By the Doors's third LP, the recording of which commenced less than a year after the release of their debut, the band had run out of songs and Jim Morrison was often drunk or absent from the studio. Three songs were composed solely by guitarist Robby Krieger (who had penned the Doors's biggest hit, "Light My Fire"), and, like their sophomore effort, other tracks were leftovers from previous sessions. You can instantly recognize Krieger's contributions due to their unabashed romanticism and the absence of Morrison's cynicism ("Wintertime winds blow cold this season/Fallin' in love I'm hopin' to be!" goes the impossibly gushy first line of "Wintertime Love"), while "We Could Be So Good Together" is categorically pre-fame Morrison ("The time you wait subtracts from joy" is the kind of hippie idealism he'd long given up on).
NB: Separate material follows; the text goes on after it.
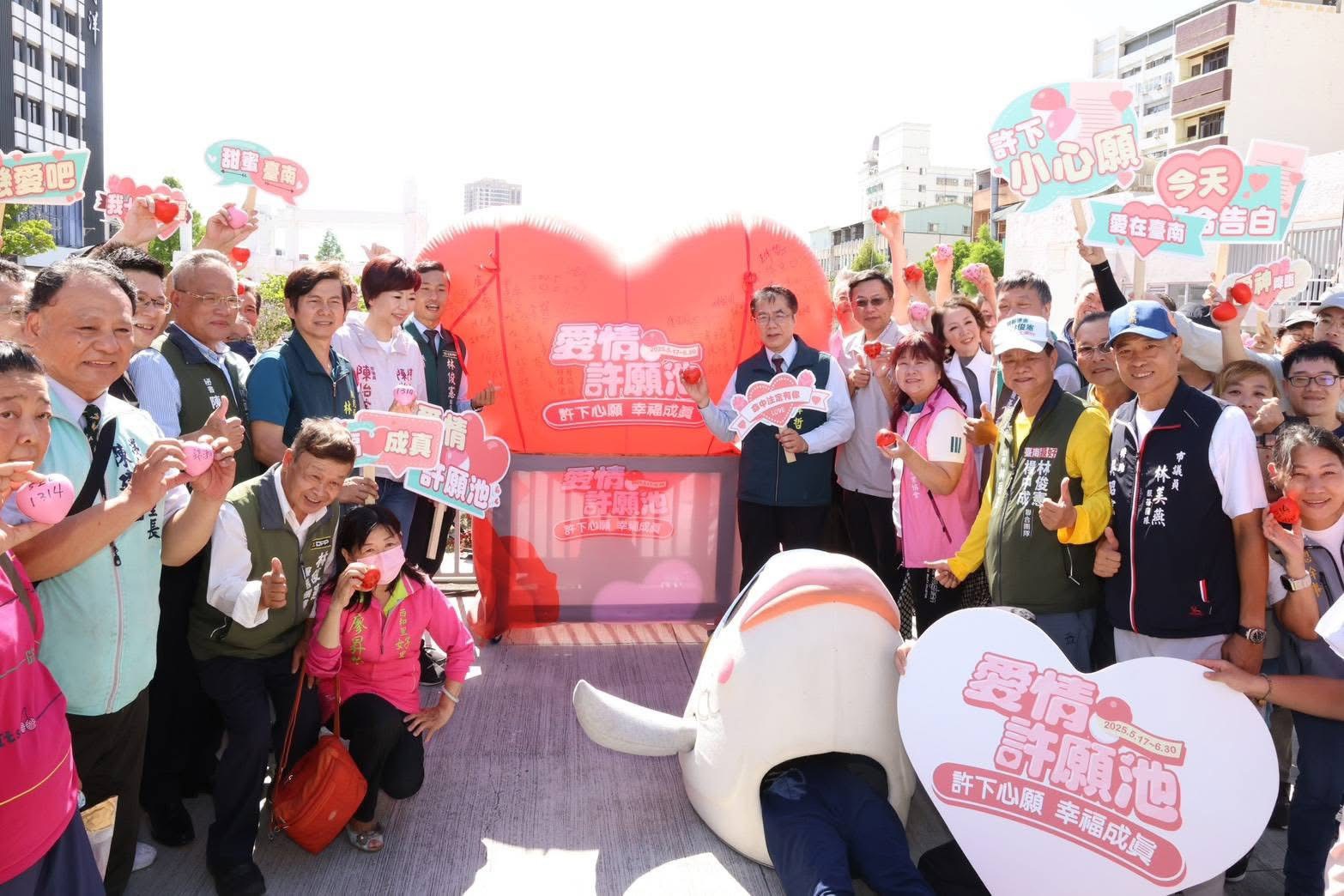 為迎接520「我愛你」的浪漫氛圍,台南市政府今(17)日於河樂廣場正式啟動「愛情許願池」活動

With the radio-friendly "Hello, I Love You" as its first single (another song mined from the band's catalog of unreleased songs),
Waiting for the Sun appeared to many as the Doors's attempt to regain the success they'd enjoyed prior to the remarkable but difficult
Strange Days. Despite its trippy undertones and frenzied climax (heightened further by Morrison's previously unheard screams on the newly expanded version of the CD), the song was innocuous enough to score the band its second—and last—#1 single, as well as their only chart-topping LP. The album is home to some of the Doors's prettiest, most genial lilts: "Love Street," a fictionalized sketch of the Bohemian street where Morrison lived with his wife, Pamela Courson; the wistful "Summer's Almost Gone," which includes the lovely refrain, "Morning found us calmly unaware/Noon burned gold into our hair"; and the placid piano ballad "Yes, The River Knows." More and more, Morrison was starting to emulate one of his idols, Frank Sinatra—after all, they had an insatiable taste for women and alcohol in common.